7. But She Was Not Flying
アンビエントな音響とゴスペル的なメロディが混ざり合う、神秘的な楽曲。過去の黒人音楽の影響を強く感じさせる一曲。
8. Black Eunuch
クラッピングのリズムとブルースの影響を受けたギターリフが特徴的な楽曲。アルバムの中では比較的明るめの曲調ながらも、歌詞には政治的なメッセージが込められている。
9. Games
静かなイントロから、徐々に高まる緊張感が特徴的なトラック。ジャズやブルースの要素が強く、サウンド的にはThe Bad SeedsやNick Caveの影響も感じられる。
10. In Parallax
アルバムのラストを飾る、壮大で神秘的なトラック。ノイズとリバーブのかかったボーカルが幻想的な雰囲気を生み出し、アルバムのテーマを締めくくる。
総評
Algiersは、ポストパンク、ゴスペル、インダストリアル・ロックを融合させた、革新的で挑戦的なデビューアルバムである。
アルバム全体を通して、黒人音楽のルーツとポストパンクの冷たい音像を掛け合わせることで、これまでにないサウンドを生み出している。特に、「Blood」や「Irony. Utility. Pretext.」といった楽曲は、政治的な怒りとスピリチュアルな覚醒が交錯する、唯一無二の音楽体験を提供する。

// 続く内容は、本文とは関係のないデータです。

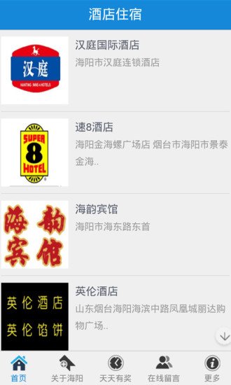 海阳信息港欢迎各界人士前来浏览下载。海阳信息港是移动互联网的领头军,集海阳本地生活服务、便民资讯为一体的智能手机客户端。在这里可以找到关于海阳信息港的所有相关信息,通过整合互联网资讯、行业应用、全城商家资讯,全方位打造海阳信息港门户,为用户提供包括海阳房产信息、二手车辆、招聘求职、家政服务、交友征婚、货运物流等各种供求信息。为用户提供最及时最全面的生活信息。

このアルバムの最大の魅力は、ジャンルを超えたハイブリッドなサウンドと、強烈なメッセージ性にある。Algiersは、音楽を単なるエンターテイメントではなく、社会的・政治的な表現の手段として活用し、新たなロックの可能性を提示した。
一方で、ポップなメロディを期待するリスナーにとっては、やや難解に感じるかもしれない。しかし、実験的なロックやポストパンク、ゴスペルのエネルギーを愛するリスナーにとっては、圧倒的に魅力的な作品であることは間違いない。
おすすめアルバム
- TV on the Radio – Return to Cookie Mountain (2006)
ポストパンクとゴスペル、エレクトロの融合が本作と共通する。 - Nick Cave & The Bad Seeds – Let Love In (1994)
ダークで詩的な歌詞と、ブルースの影響を感じさせるサウンドが似ている。 - Gospel – The Moon Is a Dead World (2005)
ポストハードコアとゴスペル的なヴォーカルが融合した作品。 - Public Enemy – It Takes a Nation of Millions to Hold Us Back (1988)
政治的メッセージと音楽の融合という点で、本作とリンクする。 - Gang of Four – Entertainment! (1979)
ポストパンクの鋭いギターリフと政治的メッセージが共通する。